The proposal, floated in the local press on Monday, led to a small pop up in 10-year JGB yields to 0.05%, but has yet to be confirmed or officially adopted. We believe, based on input from Tokyo, that the expansion of the 10-year JGB trading band will indeed be under consideration at this meeting, but that its formal adoption might not come until the March 18-19 MPM meeting, as part of an overall review of the BOJ monetary policy stance.
Market Validation
(Dow Jones 1/21/21)

BOJ Could Tweak 10-Year Yield Target Range at Policy Review

As Bank of Japan Gov. Haruhiko Kuroda says he is looking for more effective ways to control the nation's yield curve, one option could include widening the target range for the 10-year JGB yield, which is currently set between minus 0.2% and plus 0.2%, according to people familiar with the BOJ's thinking. Mr.
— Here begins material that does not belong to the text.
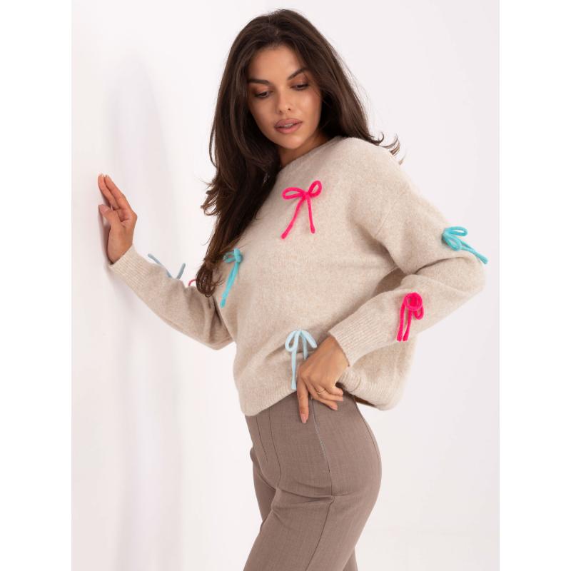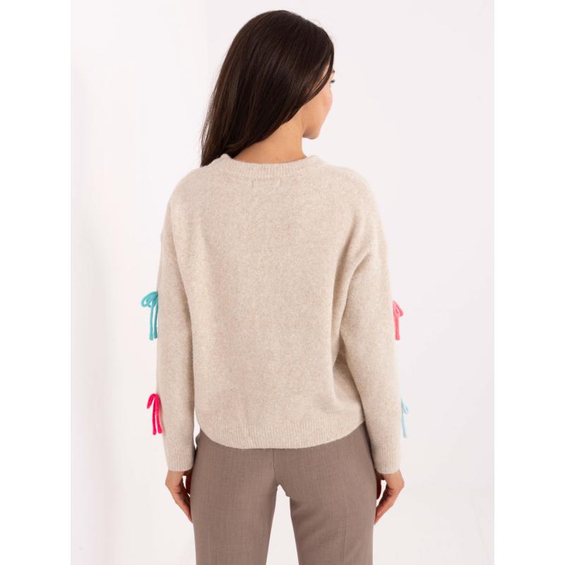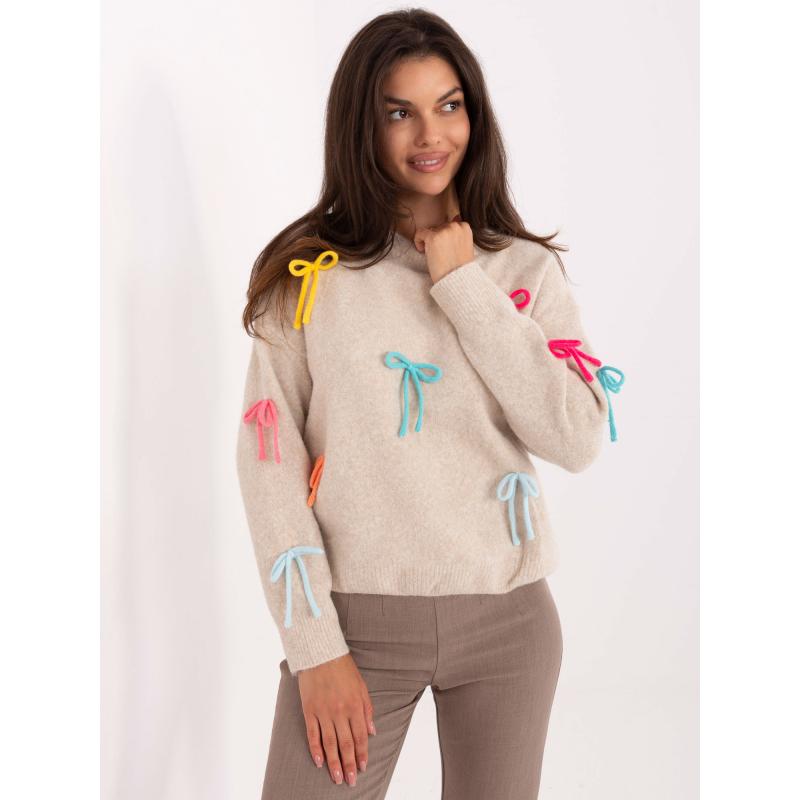 Klasszikus pulóver világos bézs színben, csíkokkal

Kuroda said Thursday the central bank had no plan to change the overall framework of the yield curve control policy, but would examine the side effects of such measures, including the impact on
market functions, at its next policy-setting meeting in March.

Policy Validation
(National Post 1/29/21)

BOJ drops more hints of bigger yield moves ahead of March review
TOKYO - Bank of Japan policymakers discussed the merits of allowing long-term yields to move more flexibly around the bank's target, a summary of opinions at their January meeting showed, a sign the idea will be a key element of its policy review in March.
As the coronavirus pandemic forces it to maintain a massive stimulus program for a prolonged period, the BOJ plans to announce in March ways to make its tools more sustainable.
"With our monetary easing steps to be prolonged, allowing the 10-year government bond yield to move upward and downward to some extent ... will contribute to financial system stability," said one member, according to the summary released on Friday.
Allowing 10-year yields to move more widely likely won't hurt the economy much, because most money raised by households and companies aren't directly affected by long-term rate moves, another opinion quoted in the summary showed.
The comments are the strongest hints to date that the BOJ will allow long-term rates to deviate further from its 0% target in its March policy review.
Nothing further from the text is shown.